黄色い体に茶色の斑点を散りばめた長いまつげのアミメキリンが部屋から出てきた。

「やぁキリン、珍しく名推理だね」

「ハッ!先生っ!すみません、いつもならもっと早く起きて先生の身の回りのことをしたというのに、私としたことが…」

「ずっと寝ていたほうが私のためなんだけどね…」

オオカミは苦笑しながら呟いた。

その時、フェネックはオオカミの束になった紙の中に、キリンの寝顔らしき絵があったのを見逃さなかった。

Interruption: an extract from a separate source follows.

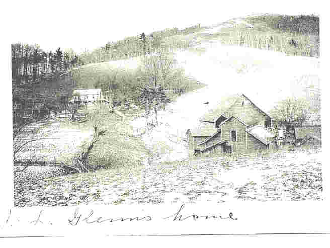 This is a long ago photo of the GLENN farm in Laurel Creek Township, Watauga County, N.C. The farm consisted of the usual farm buildings; chicken house and woodshed near the house. The large barn and a garage for the family car are in the foreground. Grandfather Glenn first had a Model "T" FORD car, reported to be one of the first autos in the community. PREVIOUS PAGE......NEXT PAGE |

「そうなのだ!フェネック、お宝は結局どこにあるのだ?」

「あー実はねー、ほんとはここじゃなくてー図書館にあるらしーよー。オオカミさんが教えてくれたんだー」

「オオカミさんが?!」

「ふふっ、私は嘘をつかないよ」

「ぐぬぬ…怪しさまっくすなのだ…」

フェネックと同様に目を細めて疑うアライさん。


「じゃーアライさーん図書館にいこっかー」

「し、しょうがないのだ、図書館に向けてしゅっぱーつなのだー!」

「はーいよっとー」

「じゃぁー頼んだねー、オオカミさーん」

「なんだったんでしょうか?」

「さぁね。さて、仕事に戻るとしようか」

「先生っ!なにか手伝えることはっ?紙を…いえ、神を部屋へ運びますか?それとも名推理を聞かせましょうか?」

アミメキリンが一気にまくし立て、オオカミがつっこむ。

「紙をもっていかなくてもいいし、事件も起きてないのになにを推理するつもりだい?」

「ヴッ、そ、それは…」

「はい、いい表情いただき」

「もー先生~」

「ごめんごめん、つい綺麗だからね…」

「え?なんとおっしゃいました?」

「いや?別に?」

「ほんとですか?」

今度はアミメキリンが目を細めた。